Work required » Transcribe only the part of the material below that begins at the line containing "Hot Selling Mini" and ends at the line containing "Multi-landing stair Flight", with both kept and images left out.
╭─ Exercise material
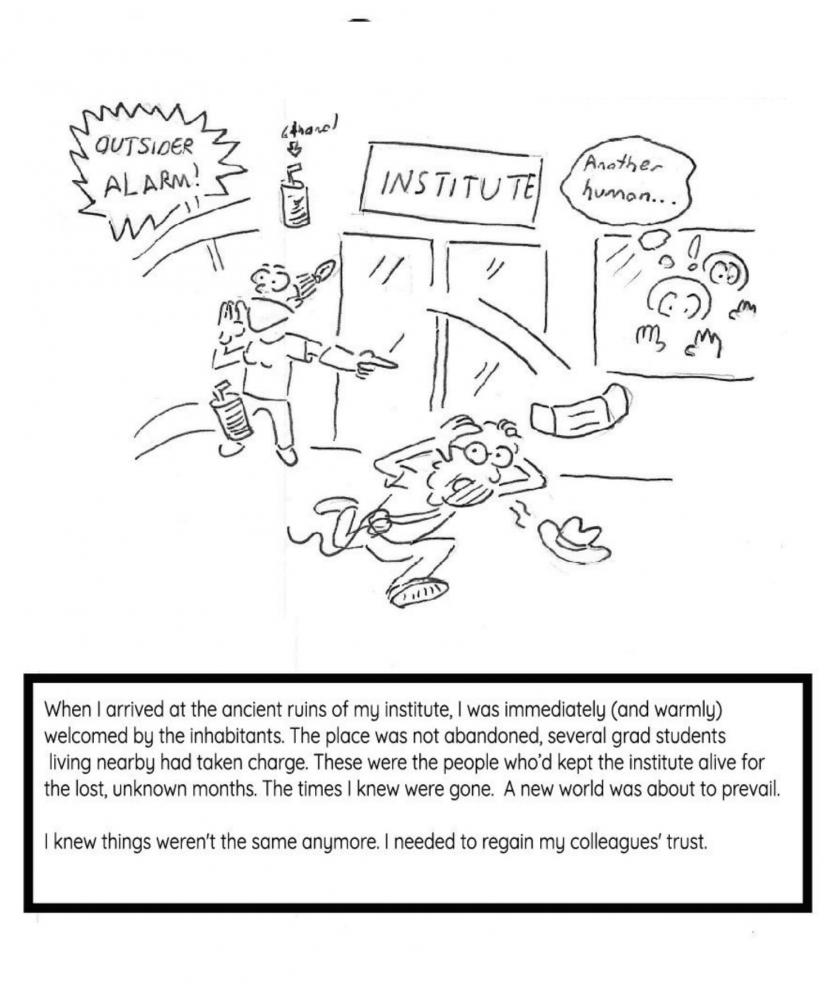 Evet! Üç ay boyunca evde kalmıştım ancak bölüm varlığını bir yandan devam ettiriyordu. Deney hayvanlarımızın bu dönemde düzenli bakımları gerçekleşti. Aradan geçen zamanla ben laboratuvara tekrar girdiğimde kendimi tarihin akışından kopmuş şekilde, laboratuvarı da dış dünyadan kopmuş şekilde hayal ettim. Indiana Jones misali kendi bölümümü keşfe çıktığım bir macera yazdım. Orada üç ay boyunca araştırmalarını devam ettiren bilim insanları vardı. Özellikle Covid-19 aşısı üzerine çalışma yapan meslektaşlarım evlerine gitmiyorlar, misafirhanede kalıyorlar. Hiç unutmam ben laboratuvara geri döndüğüm ilk gün metrobüsle geldiğim için arkadaşlarım bana korkuyla bakmışlardı. Bu ilk karşılaşmaların gerginliklerini biz bölüm içinde cidden yaşadık. Bu karşılaşmaları karikatürize ettim. Figürler de tamamen kendi tanıdıklarımın karikatürize edilmiş halleridir. Laboratuvardaki arkadaşlarımın ilgimi çeken fiziki ya da karakteristik özelliklerini vurgulayan çizimler yapmaya çalıştım. Kişiyi zedelemeyecek, bilakis o kişinin incelendiğini ve değer verildiğini gösterdiğim motifler koydum.
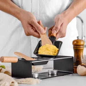 Hot Selling Mini Kaasgrillplaat met Massief Houten Handvat, Draagbare Raclette Pan, Mini Kaars Raclette Kaasgrill【yh】
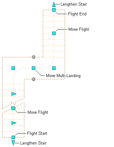 Multi-landing stair Flight Start and End, Move Flight, Move Multi-Landing, and Lengthen Stair grips
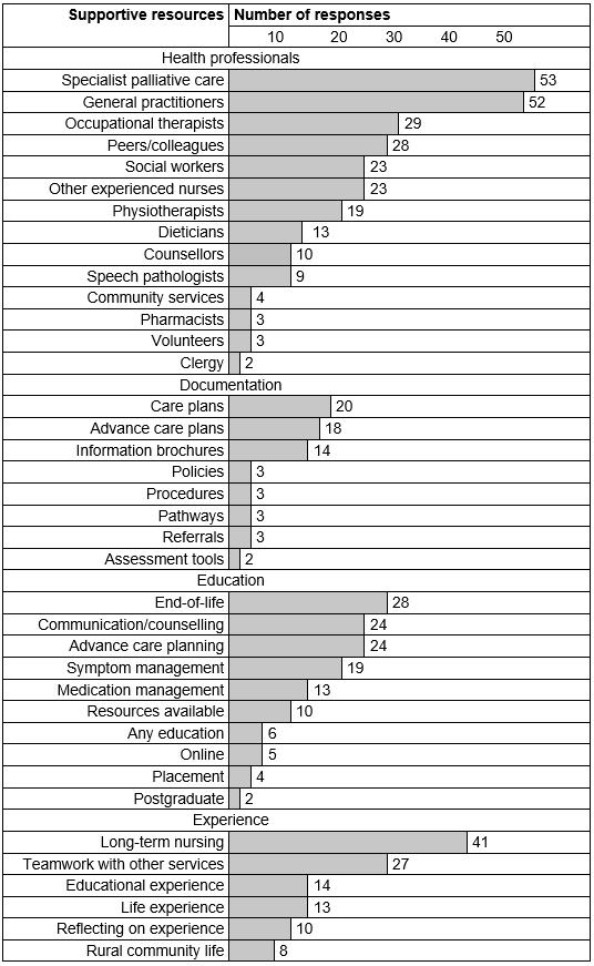 The most common support provided by others was identified from palliative specialist doctors and/or nurses (n=53) and general practitioners (n=52). Support from nursing peers and allied health professionals, especially occupational therapists, also featured highly in the responses. The education found to be supportive was most commonly reported as EoL training (n=28), closely followed by communication, symptom management and advance care planning. The most supportive documentation was reported as care plans that provide clear goals (n=20), and advance care plans, followed by simple information to give to people.
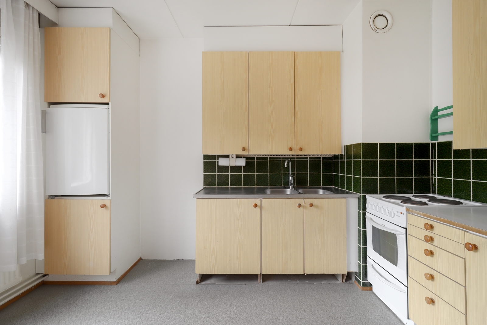 Liesi (sähköliesi), työtasot (laminaatti), seinät (maali ja osalaatoitus), lattiat (muovimatto), erillinen pakastin, liesi, jääkaappi ja varattu paikka astianpesukoneelle, kiinteät valaisimet |
╰─
Solution to the exercise »
 Hot Selling Mini Kaasgrillplaat met Massief Houten Handvat, Draagbare Raclette Pan, Mini Kaars Raclette Kaasgrill【yh】
 Multi-landing stair Flight Start and End, Move Flight, Move Multi-Landing, and Lengthen Stair grips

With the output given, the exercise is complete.